**Supplied data:**
---+---
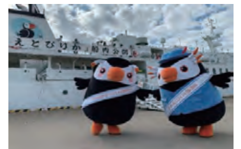
北方四島交流等事業使用船舶「えとびりか」 一般公開(北海道・根室港)
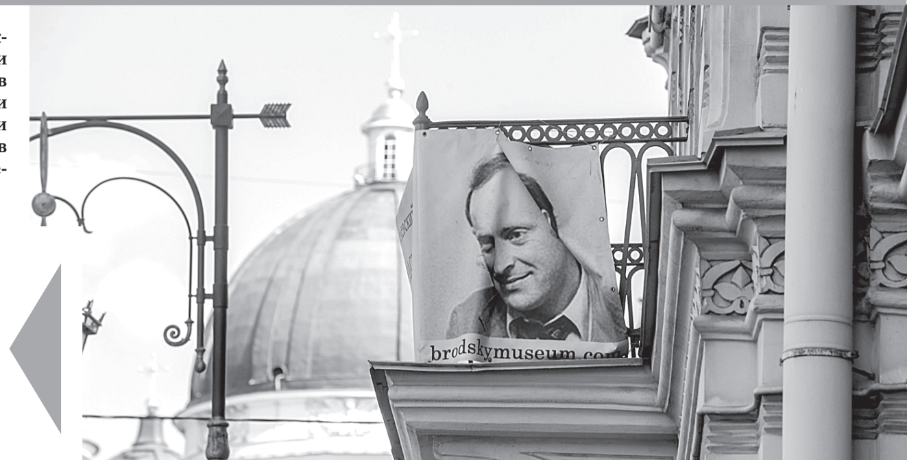
В доме Мурузи создается музей Иосифа Бродского.
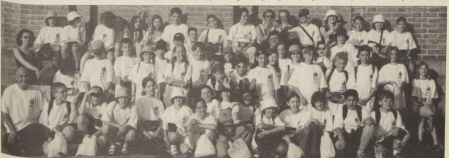
Gimnazijci Slovenske gimnazije so se v Italiji igranje učili italijanščine. Skupinska slika ob koncu seveda ni smela manjkati.

Program je obsegal tudi izlete: sprehod po Lignanu, večerja v pizzeriji, popoldan v Benetkah, ki je bil posebno doživetje.
---+---
**Exercise requirements:**
Give back the material above exactly, with each picture removed.

**Solution to the exercise:**
北方四島交流等事業使用船舶「えとびりか」 一般公開(北海道・根室港)
В доме Мурузи создается музей Иосифа Бродского.
Gimnazijci Slovenske gimnazije so se v Italiji igranje učili italijanščine. Skupinska slika ob koncu seveda ni smela manjkati.

Program je obsegal tudi izlete: sprehod po Lignanu, večerja v pizzeriji, popoldan v Benetkah, ki je bil posebno doživetje.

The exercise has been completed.